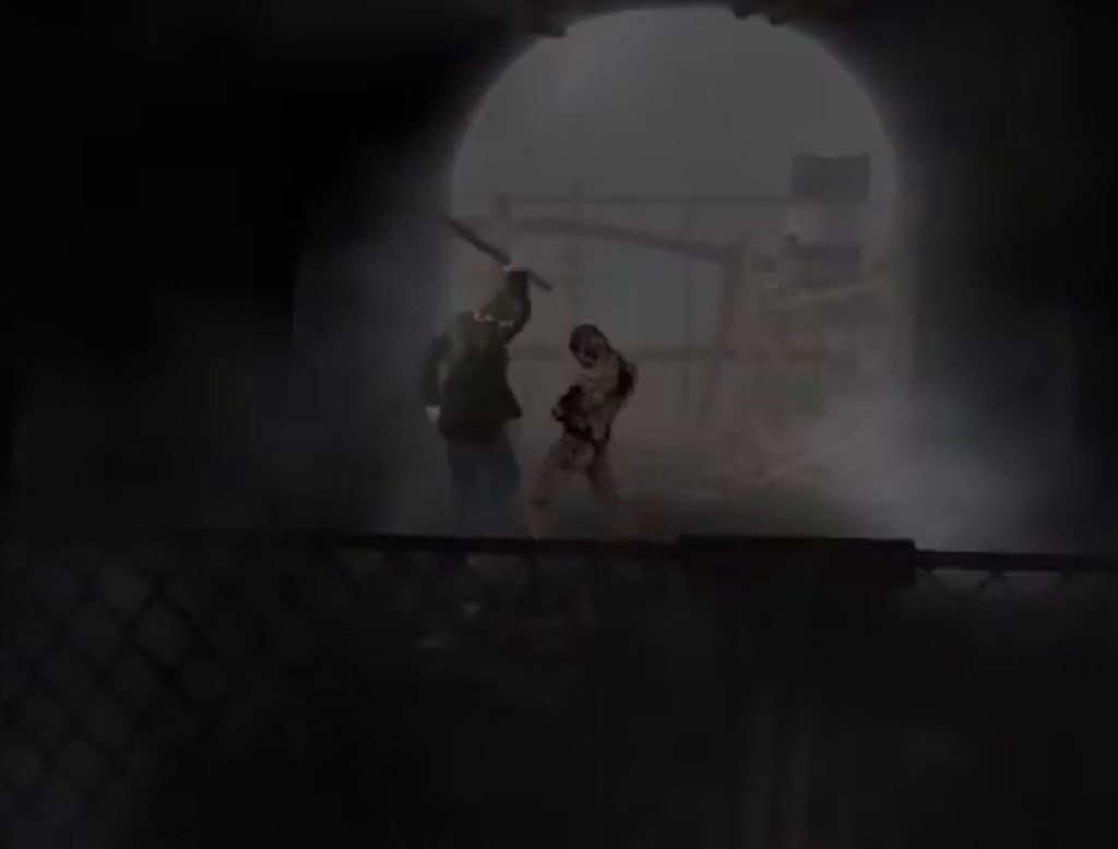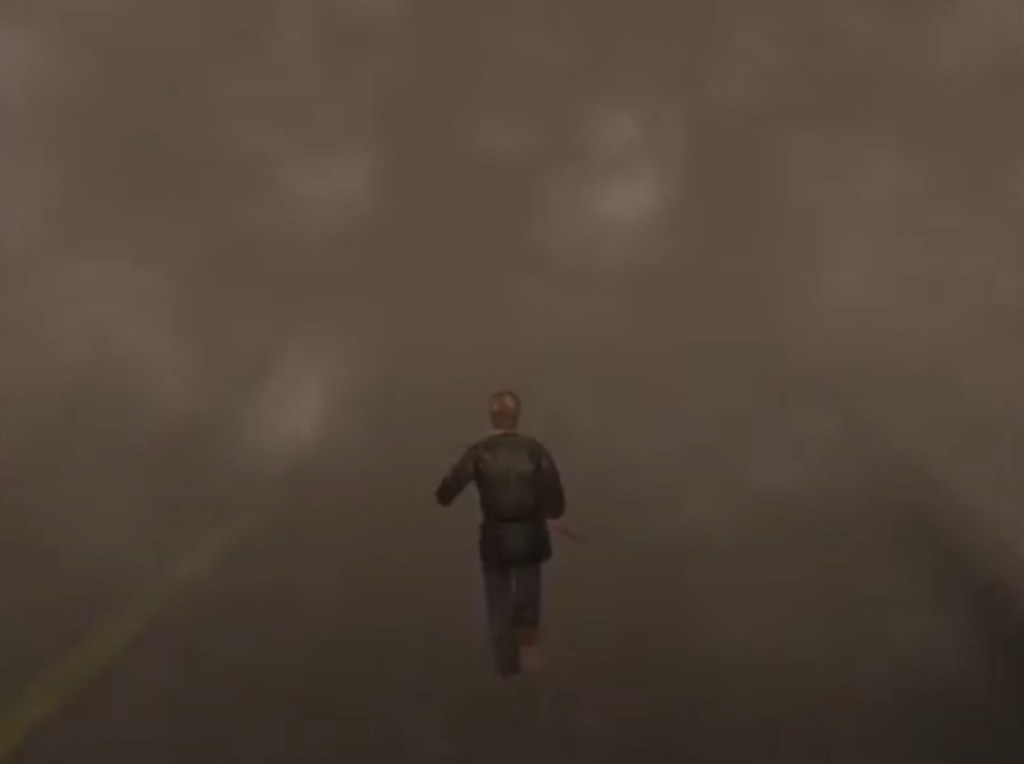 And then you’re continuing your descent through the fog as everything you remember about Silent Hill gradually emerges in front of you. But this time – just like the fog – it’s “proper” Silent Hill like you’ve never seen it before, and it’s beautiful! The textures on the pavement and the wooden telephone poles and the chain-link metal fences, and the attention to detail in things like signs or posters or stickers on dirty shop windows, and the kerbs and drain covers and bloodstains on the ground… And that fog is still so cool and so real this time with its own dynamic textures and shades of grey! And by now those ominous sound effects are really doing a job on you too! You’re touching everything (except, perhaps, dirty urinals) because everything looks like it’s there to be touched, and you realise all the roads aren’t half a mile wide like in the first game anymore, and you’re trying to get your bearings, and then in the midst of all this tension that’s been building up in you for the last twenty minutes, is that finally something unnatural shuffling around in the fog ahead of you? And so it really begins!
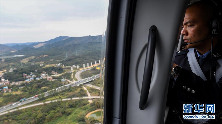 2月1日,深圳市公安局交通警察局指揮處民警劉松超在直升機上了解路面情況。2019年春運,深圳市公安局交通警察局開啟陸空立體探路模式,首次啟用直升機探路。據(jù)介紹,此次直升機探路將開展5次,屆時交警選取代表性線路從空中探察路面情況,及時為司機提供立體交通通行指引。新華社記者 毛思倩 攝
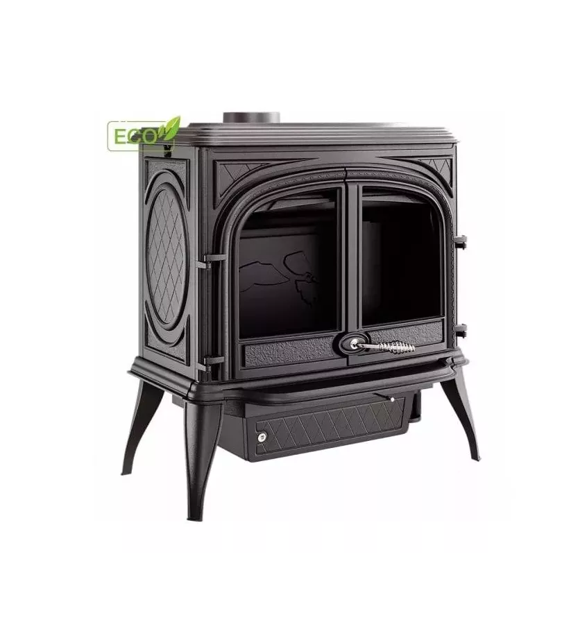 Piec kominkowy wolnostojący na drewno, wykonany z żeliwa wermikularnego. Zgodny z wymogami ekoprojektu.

---

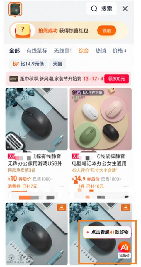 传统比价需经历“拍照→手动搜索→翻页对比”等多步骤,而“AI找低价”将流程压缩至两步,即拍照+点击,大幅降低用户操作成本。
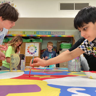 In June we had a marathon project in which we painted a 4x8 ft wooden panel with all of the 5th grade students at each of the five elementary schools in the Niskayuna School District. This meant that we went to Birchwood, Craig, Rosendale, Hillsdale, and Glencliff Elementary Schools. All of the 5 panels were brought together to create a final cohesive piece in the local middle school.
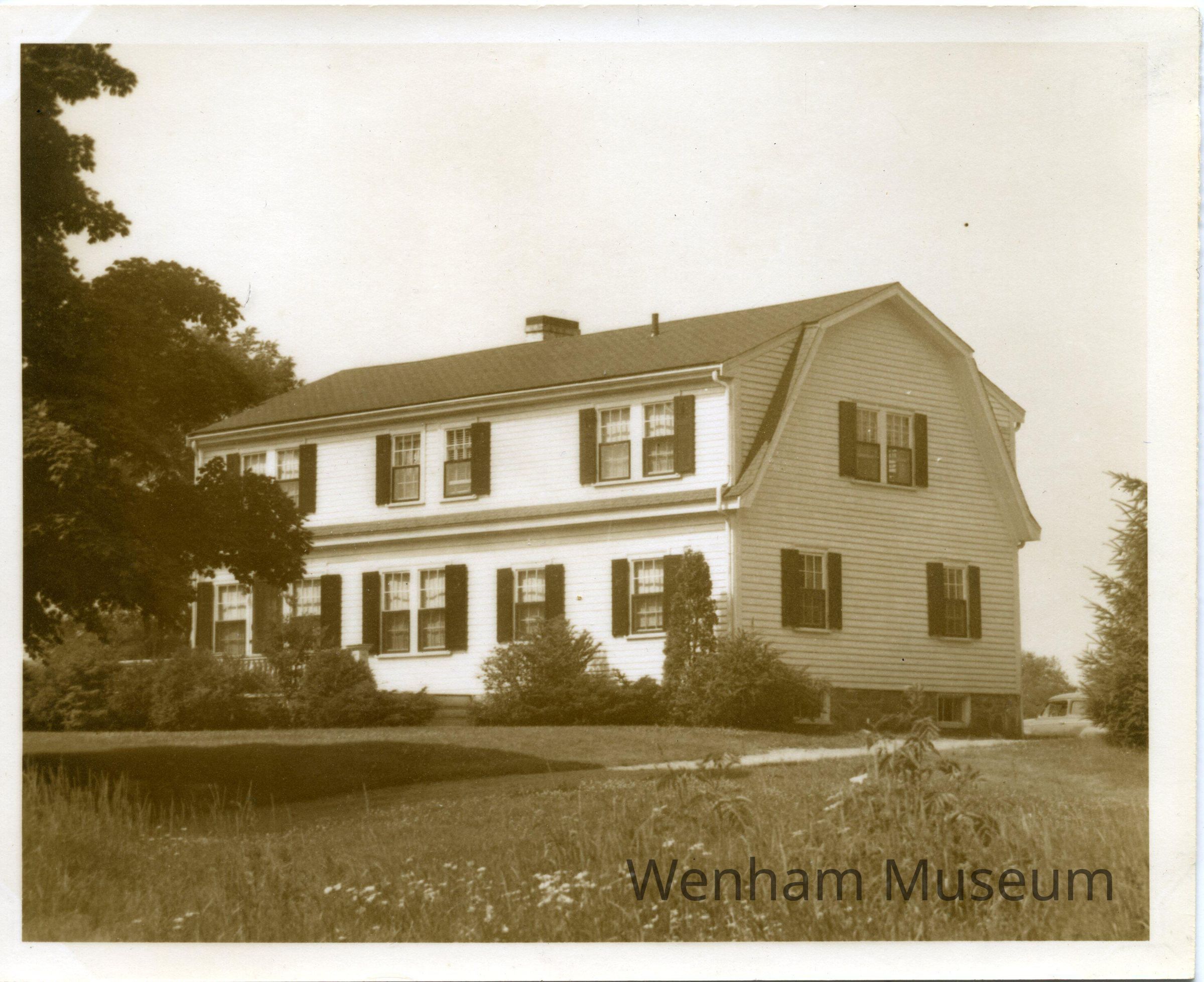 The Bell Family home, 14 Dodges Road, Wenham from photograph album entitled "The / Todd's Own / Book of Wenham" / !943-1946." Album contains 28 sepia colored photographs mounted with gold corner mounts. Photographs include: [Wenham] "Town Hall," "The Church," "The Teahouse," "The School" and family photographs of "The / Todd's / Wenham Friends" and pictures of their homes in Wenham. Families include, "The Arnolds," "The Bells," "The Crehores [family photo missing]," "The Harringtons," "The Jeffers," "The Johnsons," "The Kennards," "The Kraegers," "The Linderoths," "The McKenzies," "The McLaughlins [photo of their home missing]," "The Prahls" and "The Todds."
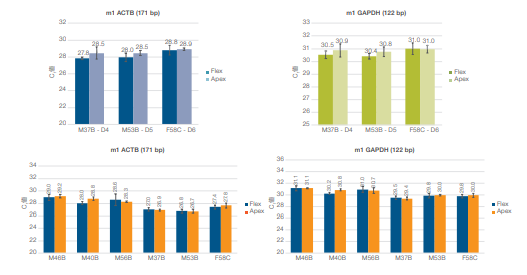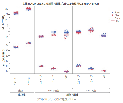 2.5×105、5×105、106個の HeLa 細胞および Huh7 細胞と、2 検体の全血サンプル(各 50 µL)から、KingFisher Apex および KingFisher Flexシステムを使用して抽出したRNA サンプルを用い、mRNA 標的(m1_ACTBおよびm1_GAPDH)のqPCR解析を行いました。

_Work request:_
Your reply is to be an exact repeat of the listing above from the line holding "In June we had" down to the line holding "2.5×105、5×105、106個の HeLa 細胞および", ends included, pictures excluded.

_Task output:_
 In June we had a marathon project in which we painted a 4x8 ft wooden panel with all of the 5th grade students at each of the five elementary schools in the Niskayuna School District. This meant that we went to Birchwood, Craig, Rosendale, Hillsdale, and Glencliff Elementary Schools. All of the 5 panels were brought together to create a final cohesive piece in the local middle school.
 The Bell Family home, 14 Dodges Road, Wenham from photograph album entitled "The / Todd's Own / Book of Wenham" / !943-1946." Album contains 28 sepia colored photographs mounted with gold corner mounts. Photographs include: [Wenham] "Town Hall," "The Church," "The Teahouse," "The School" and family photographs of "The / Todd's / Wenham Friends" and pictures of their homes in Wenham. Families include, "The Arnolds," "The Bells," "The Crehores [family photo missing]," "The Harringtons," "The Jeffers," "The Johnsons," "The Kennards," "The Kraegers," "The Linderoths," "The McKenzies," "The McLaughlins [photo of their home missing]," "The Prahls" and "The Todds."
 2.5×105、5×105、106個の HeLa 細胞および Huh7 細胞と、2 検体の全血サンプル(各 50 µL)から、KingFisher Apex および KingFisher Flexシステムを使用して抽出したRNA サンプルを用い、mRNA 標的(m1_ACTBおよびm1_GAPDH)のqPCR解析を行いました。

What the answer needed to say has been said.